▽

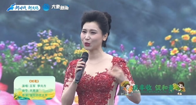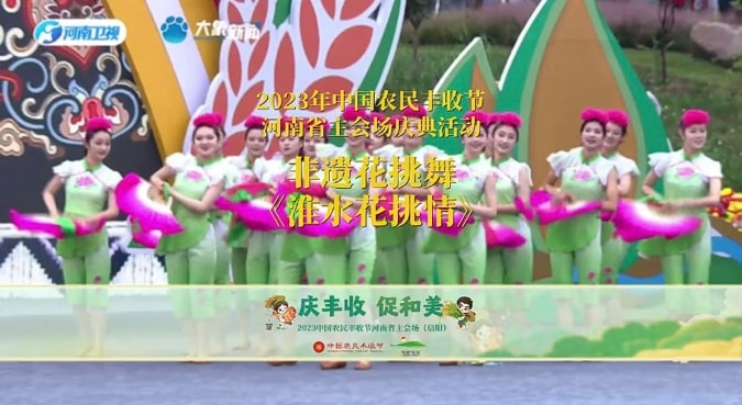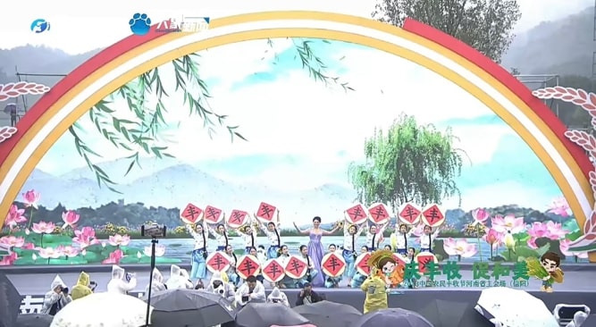 云顶国际vip.888六十余名师生参与此次节目录制。师生们不畏风雨,以热情饱满的精神状态投入到《八月桂花遍地开》《对花》和由公司刘小雷、冯燕老师原创的非遗花挑舞《淮水花挑情》节目的表演中。同学们将自身专业技能淋漓尽致展现于丰收节节目中,呈现了昂扬向上的精神面貌,掀起了演出的一阵阵高潮,受到市委领导、河南省电视台等相关单位和现场观众的一致好评。
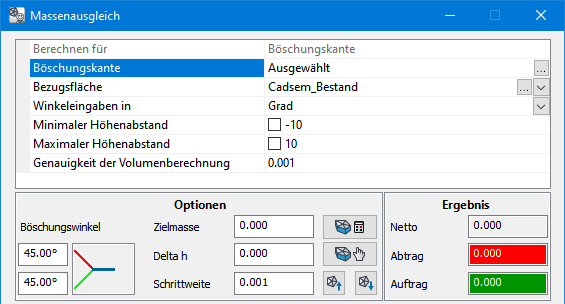 Nach Auswahl der Böschungskante erfolgt im nächsten Schritt die Wahl der betreffenden Bezugsfläche, worauf Böschungen sowie die resultierenden Massen berechnet werden.
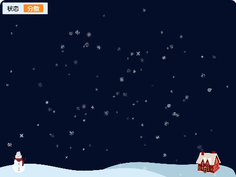 本节课通过学习随机数、角色特效、响度等知识,完成雪花分散、聚合的动画。在程序中还可以通过声音响度控制雪花效果
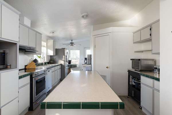 - Double Vanity, Fiberglass Stall Shower, Kitchen Island, Laminate Counters, Linen Closet, Pantry
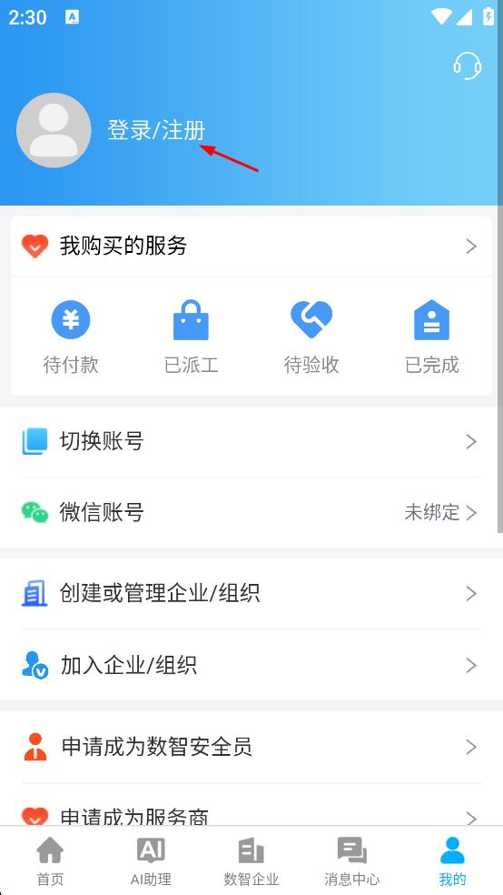 3、在“我的”頁(yè)面,點(diǎn)擊“登錄/注冊(cè)”選項(xiàng),進(jìn)入使用帳號(hào)密碼登錄界面。
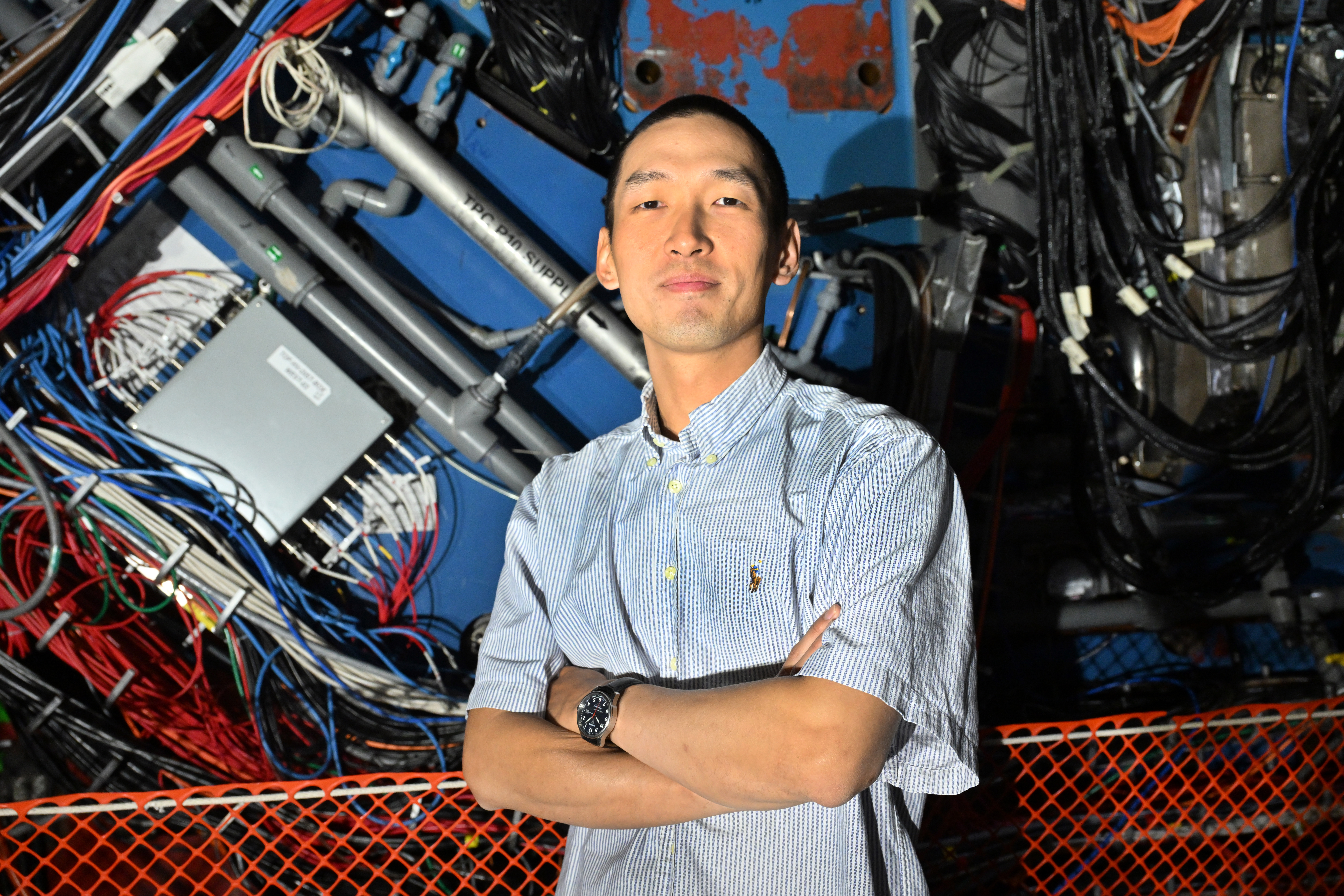 Brookhaven National Laboratory physicist Zhoudunming (Kong) Tu stands at the STAR detector of the Relativistic Heavy Ion Collider (RHIC) at Brookhaven National Laboratory. Tu led a study to explore how particles emerging from RHIC collisions could offer scientists a view into how visible matter emerges from the quantum vacuum. (Kevin Coughlin/Brookhaven National Laboratory)
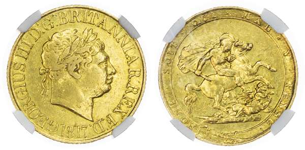 George III (1760‑1820), Sovereign, 1817, first laureate head right, date below, legend surrounds from the lower left. Reverse, Saint George slaying the dragon right, (S.3785; EGC 895; Marsh 1). About very fine the reverse better. Encapsulated by NGC as AU details Cleaned (though it is not obviously so)
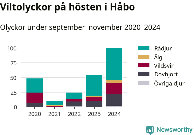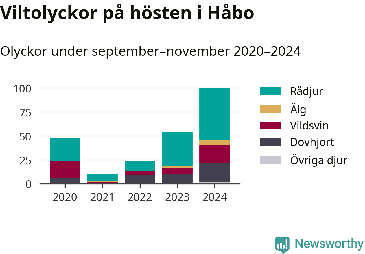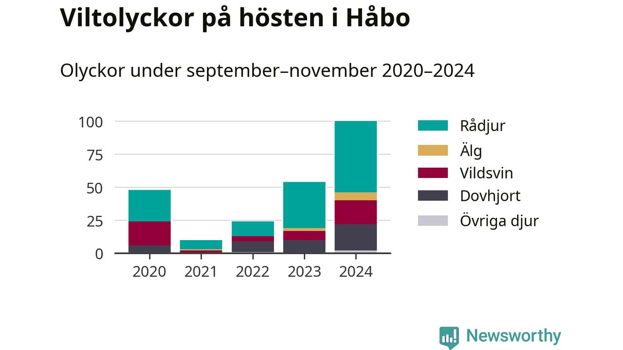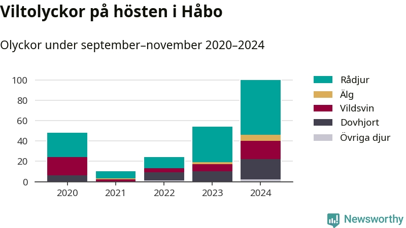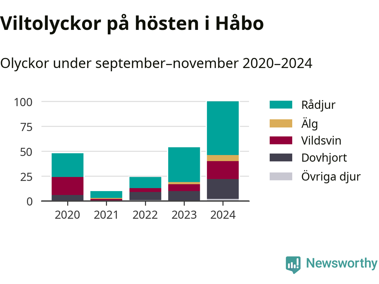 Viltolyckor i Håbo 2020–2024 uppdelat på viltslag

△

• PROMPT
Copy verbatim the span that begins at the line containing "Brookhaven National Laboratory physicist" and ends at the last line of the material, inclusive of both; exclude pictures.

• WRITTEN SOLUTION
 Brookhaven National Laboratory physicist Zhoudunming (Kong) Tu stands at the STAR detector of the Relativistic Heavy Ion Collider (RHIC) at Brookhaven National Laboratory. Tu led a study to explore how particles emerging from RHIC collisions could offer scientists a view into how visible matter emerges from the quantum vacuum. (Kevin Coughlin/Brookhaven National Laboratory)
 George III (1760‑1820), Sovereign, 1817, first laureate head right, date below, legend surrounds from the lower left. Reverse, Saint George slaying the dragon right, (S.3785; EGC 895; Marsh 1). About very fine the reverse better. Encapsulated by NGC as AU details Cleaned (though it is not obviously so)
 Viltolyckor i Håbo 2020–2024 uppdelat på viltslag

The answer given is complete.